Your goal >>
The output should be the listing below, limited to the lines from the one with "Elevate your evening" through the one with "Customized Logo Gym", exact and without pictures.
Provided data START
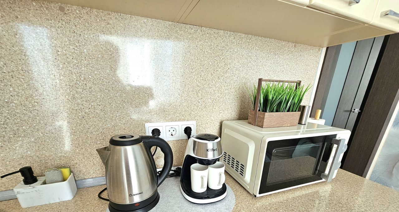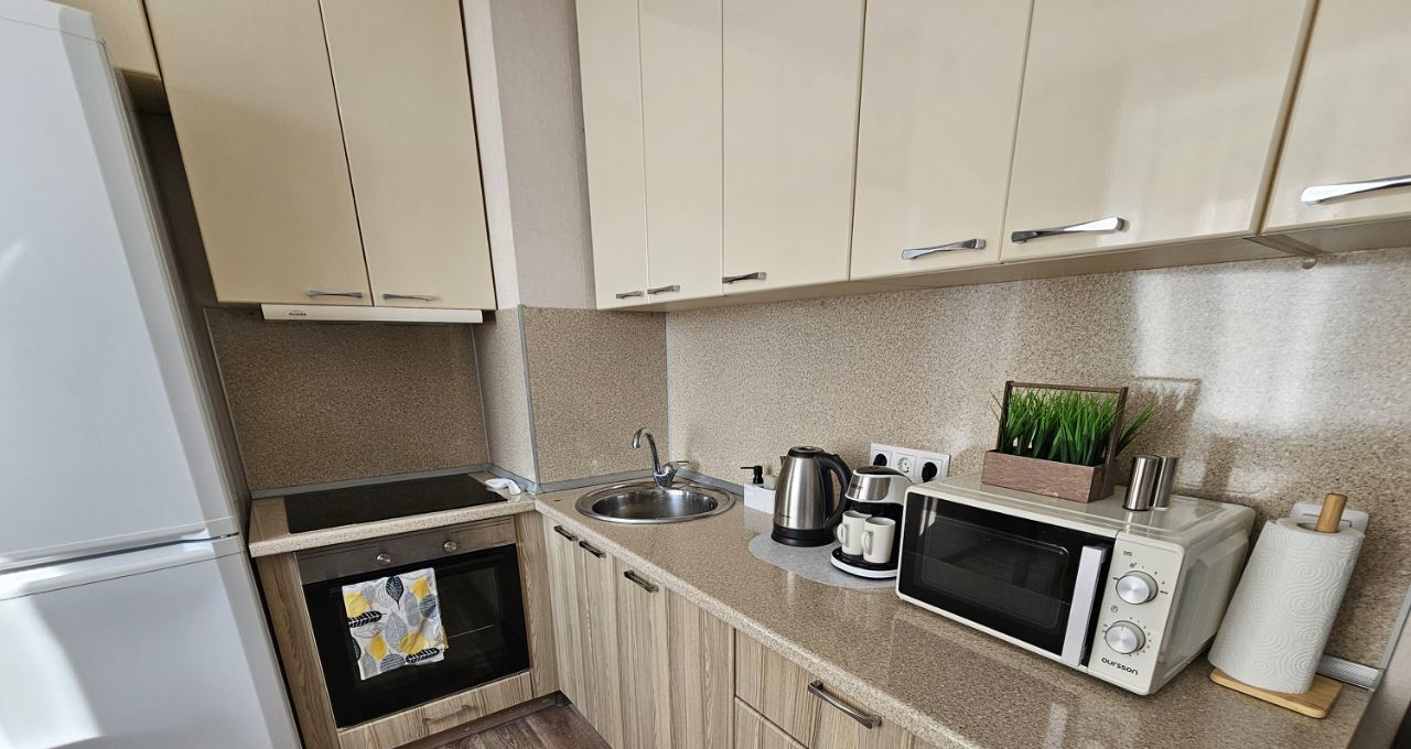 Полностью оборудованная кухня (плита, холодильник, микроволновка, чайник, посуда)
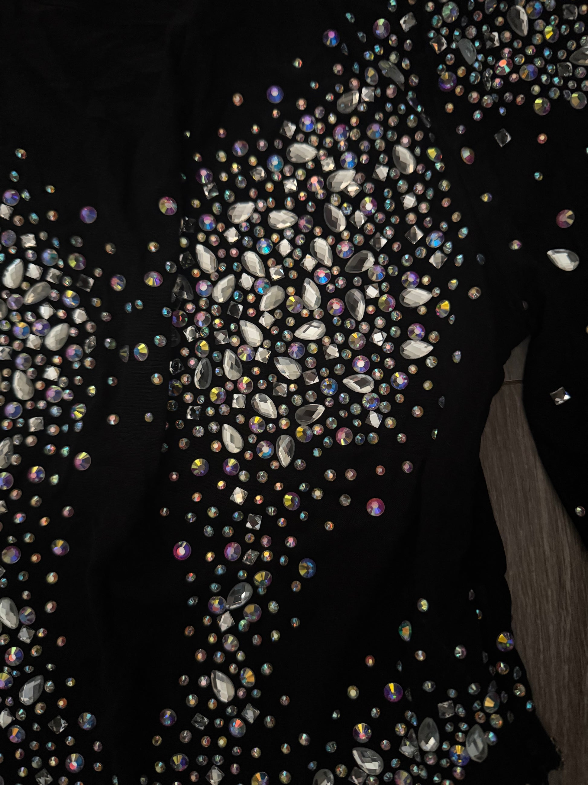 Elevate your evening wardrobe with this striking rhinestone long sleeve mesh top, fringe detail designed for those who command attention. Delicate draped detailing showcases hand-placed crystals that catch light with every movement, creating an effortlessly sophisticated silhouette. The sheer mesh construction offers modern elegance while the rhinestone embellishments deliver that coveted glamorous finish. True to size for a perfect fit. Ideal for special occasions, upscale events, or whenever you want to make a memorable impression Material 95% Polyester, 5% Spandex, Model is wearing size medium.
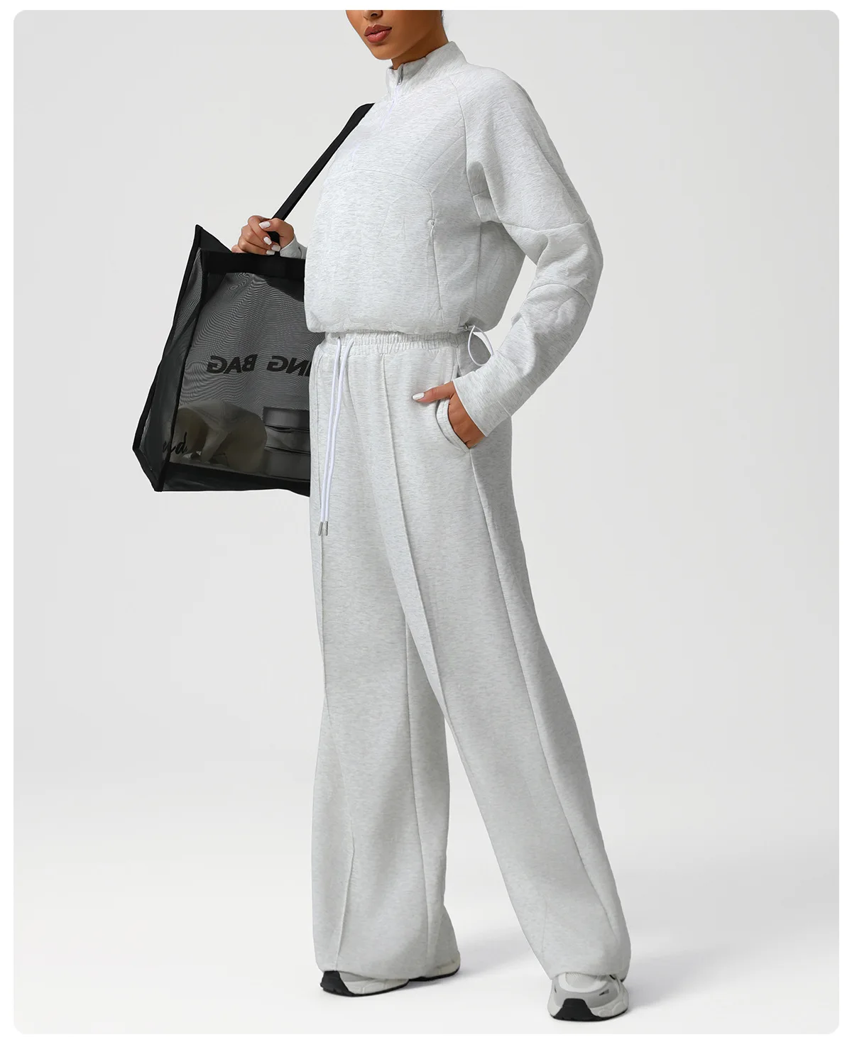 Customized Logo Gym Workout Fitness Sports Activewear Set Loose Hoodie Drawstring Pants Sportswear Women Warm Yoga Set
Provided data END
Provided data START
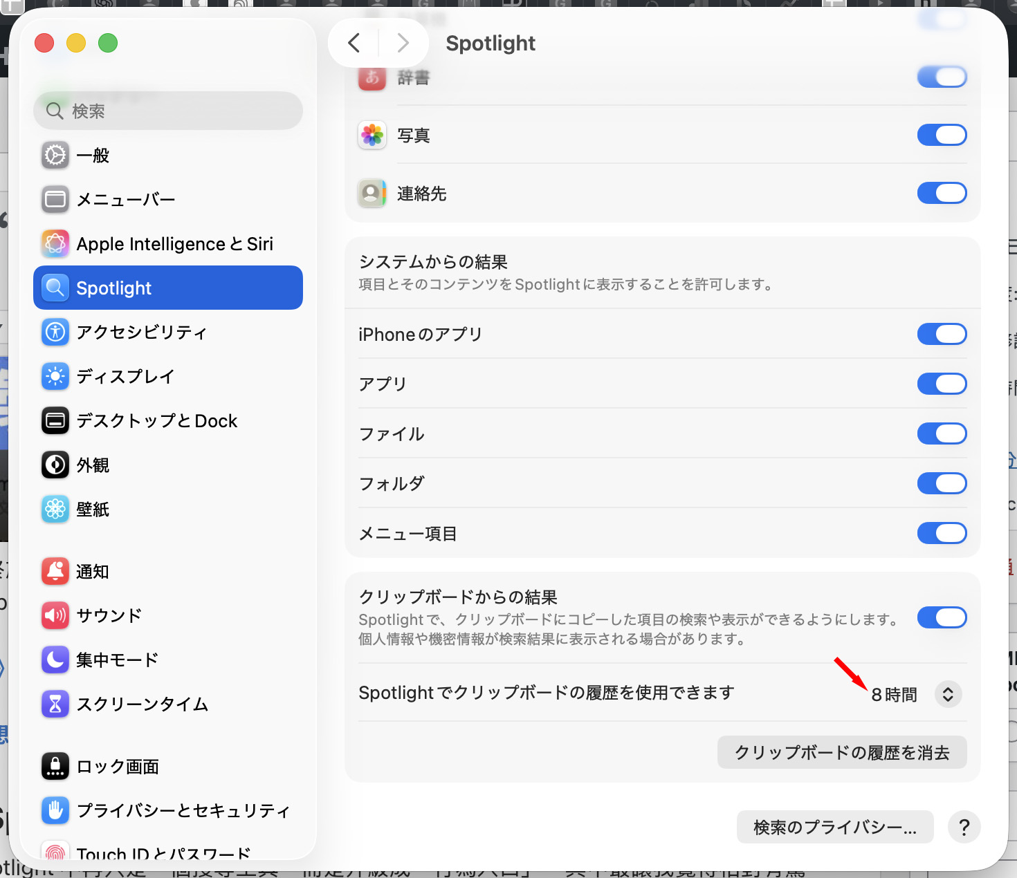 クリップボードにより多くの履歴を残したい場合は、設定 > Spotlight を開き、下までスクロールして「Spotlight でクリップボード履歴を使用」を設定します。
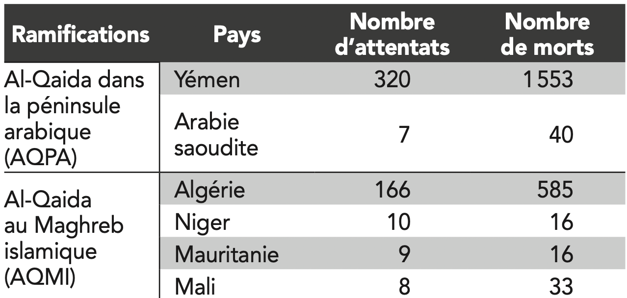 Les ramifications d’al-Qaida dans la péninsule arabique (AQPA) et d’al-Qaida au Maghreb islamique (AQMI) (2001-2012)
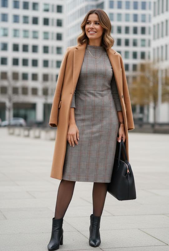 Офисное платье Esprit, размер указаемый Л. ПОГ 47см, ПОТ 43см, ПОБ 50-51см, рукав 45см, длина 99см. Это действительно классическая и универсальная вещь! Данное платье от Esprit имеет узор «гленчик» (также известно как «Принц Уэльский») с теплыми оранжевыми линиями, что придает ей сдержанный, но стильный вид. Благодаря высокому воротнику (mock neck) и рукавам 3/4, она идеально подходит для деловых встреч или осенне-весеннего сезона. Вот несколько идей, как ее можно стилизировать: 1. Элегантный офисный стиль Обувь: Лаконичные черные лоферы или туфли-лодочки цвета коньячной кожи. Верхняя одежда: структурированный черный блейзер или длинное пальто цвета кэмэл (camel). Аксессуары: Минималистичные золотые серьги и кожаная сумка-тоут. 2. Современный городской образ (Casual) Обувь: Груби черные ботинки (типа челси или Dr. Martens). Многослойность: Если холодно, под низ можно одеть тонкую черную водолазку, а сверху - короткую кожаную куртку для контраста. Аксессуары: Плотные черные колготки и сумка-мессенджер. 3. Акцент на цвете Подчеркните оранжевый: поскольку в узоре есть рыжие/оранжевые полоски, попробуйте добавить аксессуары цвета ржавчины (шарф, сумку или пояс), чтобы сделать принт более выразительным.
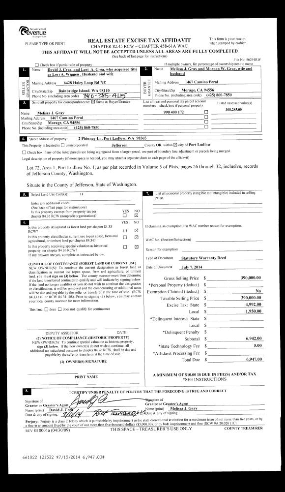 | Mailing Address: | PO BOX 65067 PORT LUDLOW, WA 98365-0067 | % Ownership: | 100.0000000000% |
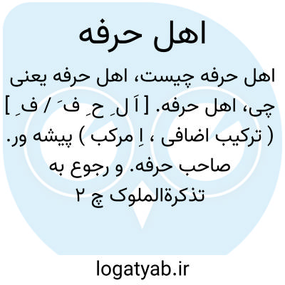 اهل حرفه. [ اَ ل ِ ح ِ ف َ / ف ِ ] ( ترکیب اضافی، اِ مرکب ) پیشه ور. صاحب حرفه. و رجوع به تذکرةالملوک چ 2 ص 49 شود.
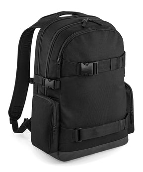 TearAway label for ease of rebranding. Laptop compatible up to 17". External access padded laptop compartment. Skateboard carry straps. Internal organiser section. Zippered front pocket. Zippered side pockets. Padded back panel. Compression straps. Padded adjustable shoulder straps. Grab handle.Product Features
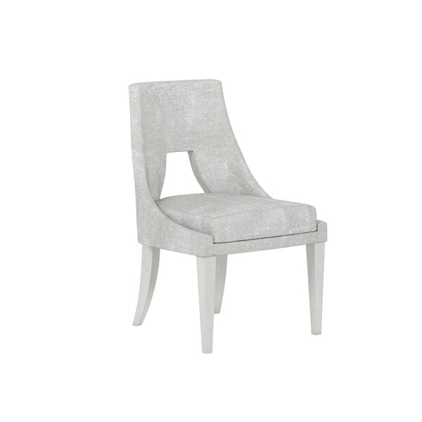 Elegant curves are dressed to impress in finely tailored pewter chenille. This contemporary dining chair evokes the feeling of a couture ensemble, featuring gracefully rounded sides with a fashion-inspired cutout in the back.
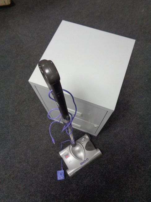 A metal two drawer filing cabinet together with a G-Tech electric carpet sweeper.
Provided data END
Exercise solution >>
 Elevate your evening wardrobe with this striking rhinestone long sleeve mesh top, fringe detail designed for those who command attention. Delicate draped detailing showcases hand-placed crystals that catch light with every movement, creating an effortlessly sophisticated silhouette. The sheer mesh construction offers modern elegance while the rhinestone embellishments deliver that coveted glamorous finish. True to size for a perfect fit. Ideal for special occasions, upscale events, or whenever you want to make a memorable impression Material 95% Polyester, 5% Spandex, Model is wearing size medium.
 Customized Logo Gym Workout Fitness Sports Activewear Set Loose Hoodie Drawstring Pants Sportswear Women Warm Yoga Set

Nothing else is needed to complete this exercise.